### Provided data
Content starts

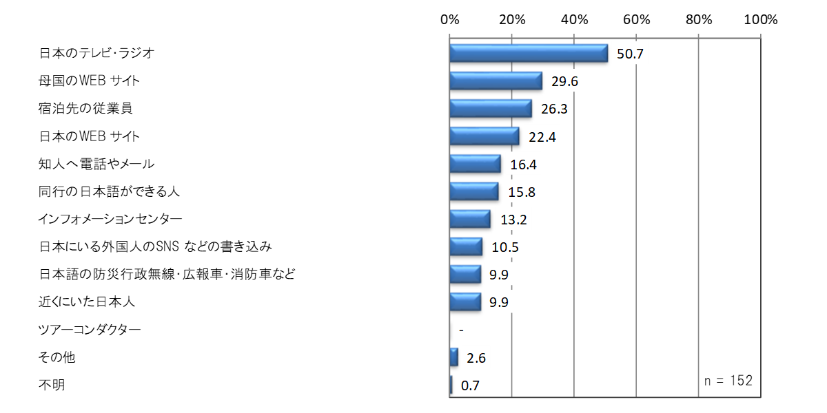 ・以下、「母国のWEBサイト」(29.6%)、「宿泊先の従業員」(26.3%)、「日本のWEBサイト」(22.4%)、「知人へ電話やメール」(16.4%)、「同行の日本語ができる人」(15.8%)等が続いており、即時性や情報量の多さからテレビ・ラジオを利用する一方で、訪日外国人旅行者として言葉が理解しやすい情報源・方法も併用しようとした様子がうかがえる。
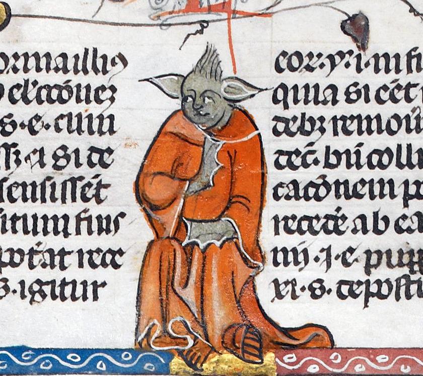 Master #Yoda? ‘The Smithfield Decretals’ (Decretals of Gregory IX with glossa ordinaria), Toulouse ca. 1300, illuminations added in London ca. 1340. British Library, Royal 10 E IV, fol. 30v.
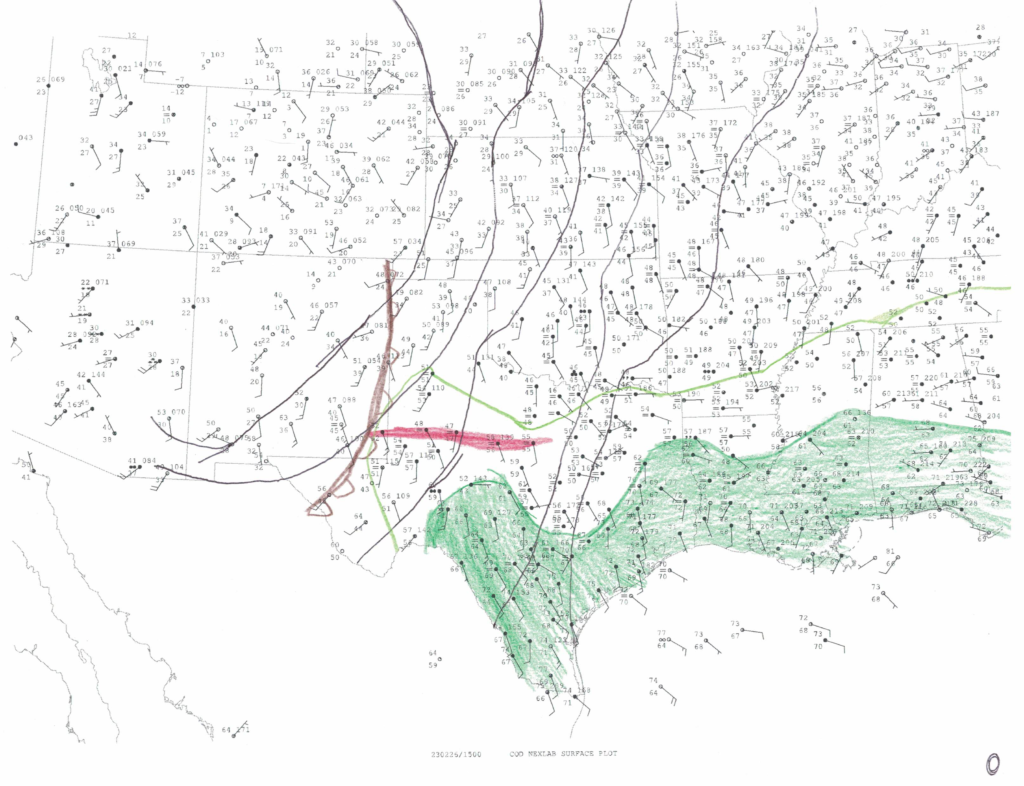 Unseasonable moisture had come ashore and northbound, with 60 degree dewpoints sitting on the red river. A very strong system had come ashore in California the previous day and was moving into the Texas Panhandle. The forecast soundings were showing some incredible shear values. Storm Motions were showing 50-60 knots as well. This would be a pretty challenging chase, however, it was a Sunday in February.

Content ends

### Work to complete
Could you transcribe exactly the lines running from the one with "Master #Yoda? ‘The" to the final line of the material above, both included, with no pictures?

### Answer box
 Master #Yoda? ‘The Smithfield Decretals’ (Decretals of Gregory IX with glossa ordinaria), Toulouse ca. 1300, illuminations added in London ca. 1340. British Library, Royal 10 E IV, fol. 30v.
 Unseasonable moisture had come ashore and northbound, with 60 degree dewpoints sitting on the red river. A very strong system had come ashore in California the previous day and was moving into the Texas Panhandle. The forecast soundings were showing some incredible shear values. Storm Motions were showing 50-60 knots as well. This would be a pretty challenging chase, however, it was a Sunday in February.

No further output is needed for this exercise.